Extracted data entries
========================================================================
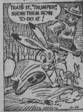
Crush those smokes... Folks!
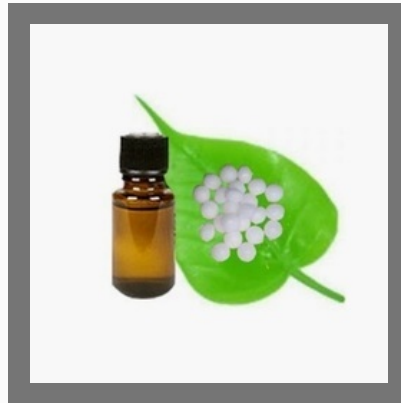
Camphor Leaf Oil
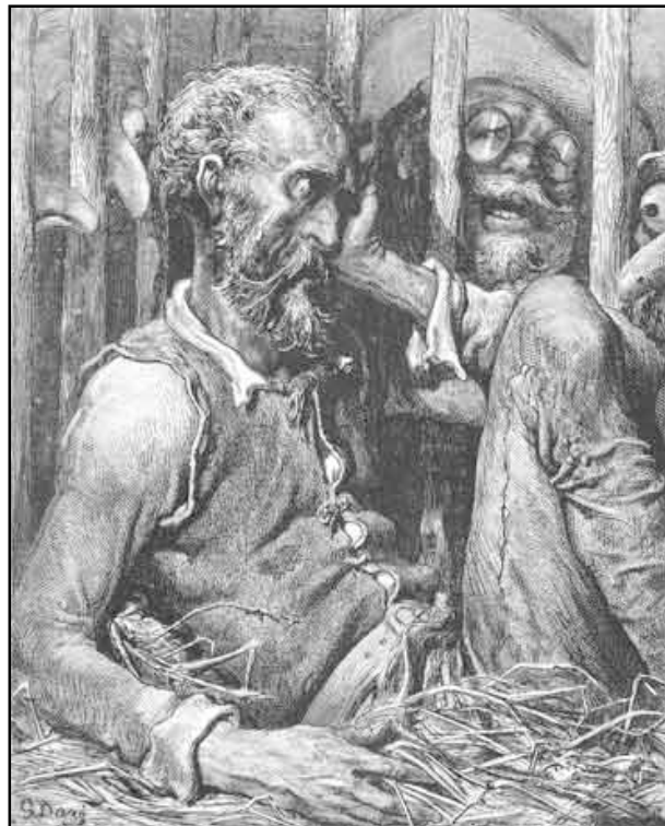
Grabado: Gustave Doré “Don Quijote enjaulado” (c. 1860)
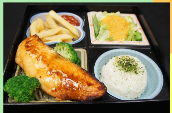
marine boy salmon teriyaki $ 16.95
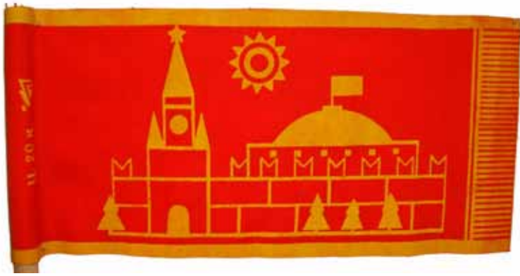
Figure 15. Patriotic symbols on holiday flag: the Kremlin as seen from Red Square.

the Kremlin is the burial place for the most respected heroes of the Soviet Union, with Lenin's tomb on the square just in front of the other memorials. Many parades and public demonstrations during the Soviet era took place in Red Square. 14
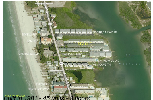
Built in 1981 - 45 units - 3 floors
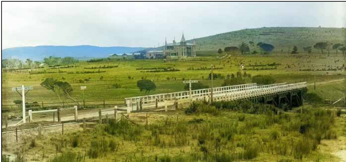
Early days of Adare
========================================================================
PROBLEM TO SOLVE
In the records, the line containing "Built in 1981 - 45 units - 3 floors" starts the span and the final line ends it. Output exactly that span, both ends included, with no pictures and nothing else.

EXPECTED OUTPUT
Built in 1981 - 45 units - 3 floors
Early days of Adare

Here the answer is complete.